Common error in Group By
Prerequisite: SQL | GROUP BY
Column ‘col’ is invalid in the select list because it is not contained in either an aggregate function or the GROUP BY clause.
Input: select empId, empName, empAmount from emp group by empId, empName Output: Error
empAmount is not in group by list and is neither an aggregate function, the query will give above error. For empId and empName there are multiple empAmount, Database engine could not choose one empAmount.
Input: select empId, sum(empAmount) as debit from emp group by empId Output: empId | debit 1 | 300 2 | 400
From the above examples it is clear that we can have only those columns which are there in the group by or arguments of an aggregate function in the select clause. but that’s not completely true.

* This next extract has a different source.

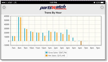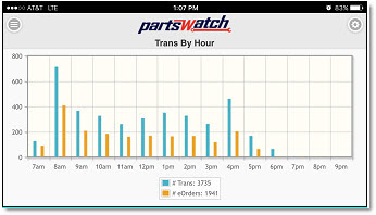 Displays the Trans By Hour report. Available to only those PWMobile devices with User Security permission to access the PartsWatch application's Transaction By Hour Report.

“The 1999 and 2003 versions of the SQL standard require that the columns appearing in the SELECT list are functionally dependent upon the groups defined by the GROUP BY clause. In other words, if we know that a column contains only one value for any given combination of values in the columns appearing in the GROUP BY clause, we may reference the column in the SELECT list even if it does not appear in an aggregate expression”–By Roland Bouman
In layman terms:
If columns in group by has a column which is either the primary key or unique key then the combination will only have one value for other columns.
But grouping by a unique column does not make sense but it will become useful when other tables are involved.
A Few Exceptions:
MySQL lets you SELECT anything in a query with group by. It will select in random order and whatever is first will return you.
Input: select empId, empName, empAmount from emp group by empId, empName
The above query will not give any error. It will pick random empAmount from the list and pair it with the empID and empName.
The correct behavior can be enabled by adding a flag (i.e., ONLY_FULL_GROUP_BY) or by using MySQL v5.7.5 or higher. In that case, the query would raise the above error.